**DATA SECTION:**
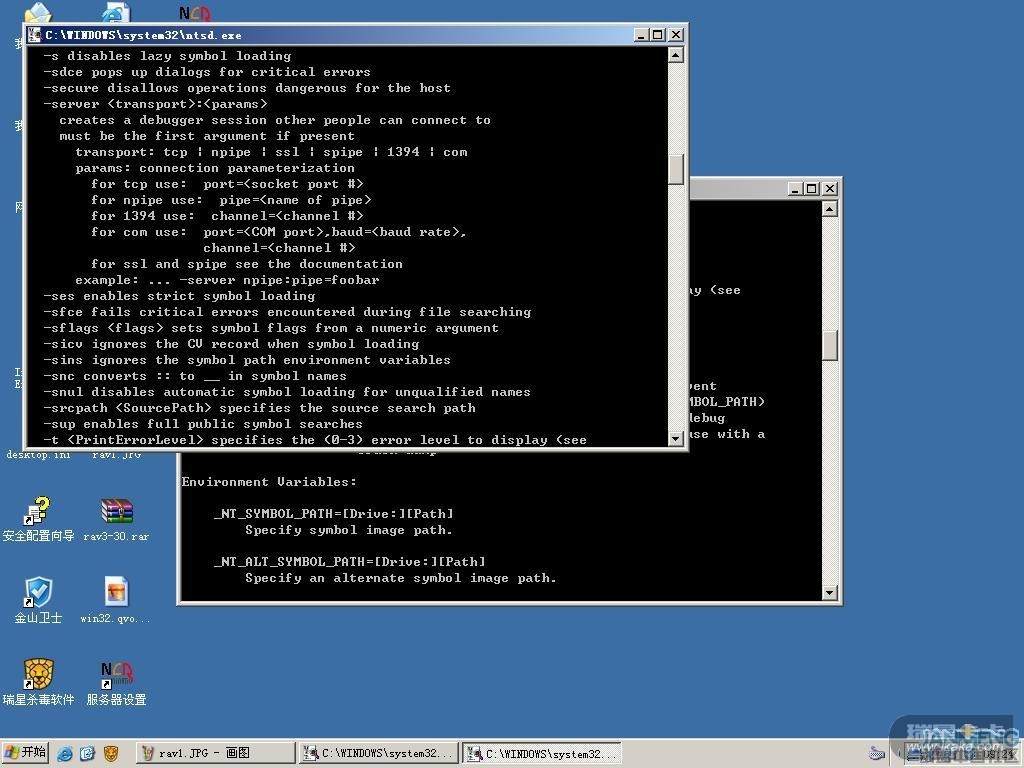 下面两个黑框 是安装了瑞星后打开后就是两个这样的dos窗口。然后瑞星就打不开
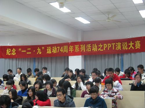 团委、学生会素质拓展部举办的纪念“一二·九”运动74周年系列活动之ppt演说大赛在人文楼203室准时开始。本次活动是樱花小说
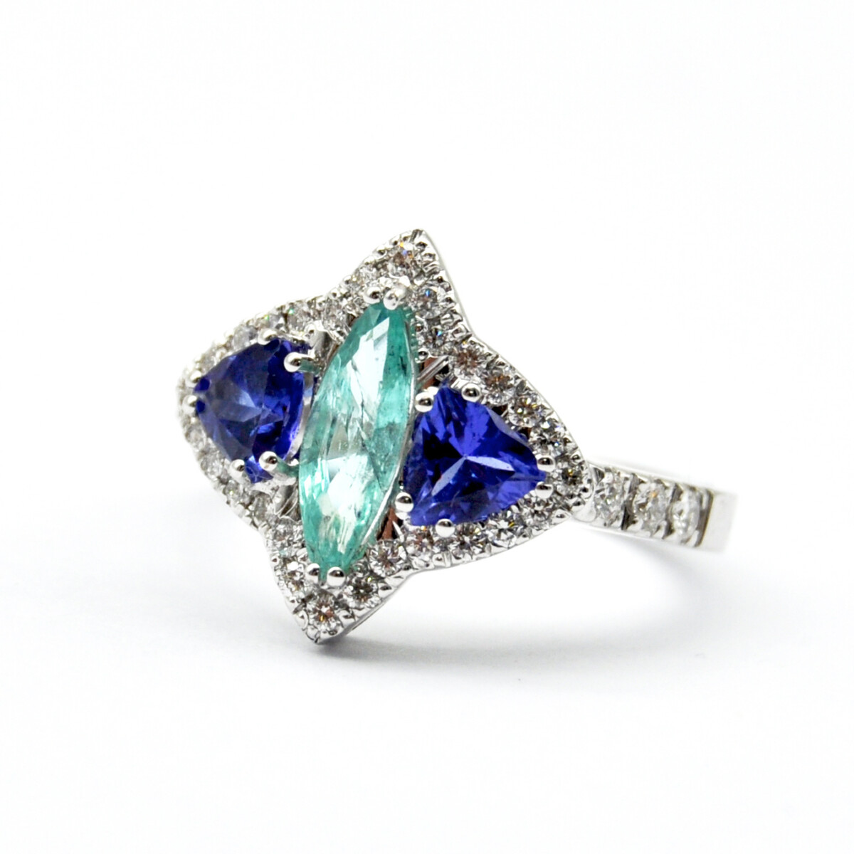 Anello dal deisgn esclusivo realizzato a mano presso il nostro laboratorio in oro bianco titolo 750/°°° con tormalina paraiba naturale provenienza Mozambico taglio navette del peso di 0,74 carati, due tanzaniti naturali taglio trilliant del peso complessivo di 0,93 carati e diamanti naturali taglio brillante del peso complessivo di 0,30 carati.

**PROMPT:** When copying the material, leave every image behind and keep each line verbatim.

**EXERCISE OUTPUT:**
 下面两个黑框 是安装了瑞星后打开后就是两个这样的dos窗口。然后瑞星就打不开
 团委、学生会素质拓展部举办的纪念“一二·九”运动74周年系列活动之ppt演说大赛在人文楼203室准时开始。本次活动是樱花小说
 Anello dal deisgn esclusivo realizzato a mano presso il nostro laboratorio in oro bianco titolo 750/°°° con tormalina paraiba naturale provenienza Mozambico taglio navette del peso di 0,74 carati, due tanzaniti naturali taglio trilliant del peso complessivo di 0,93 carati e diamanti naturali taglio brillante del peso complessivo di 0,30 carati.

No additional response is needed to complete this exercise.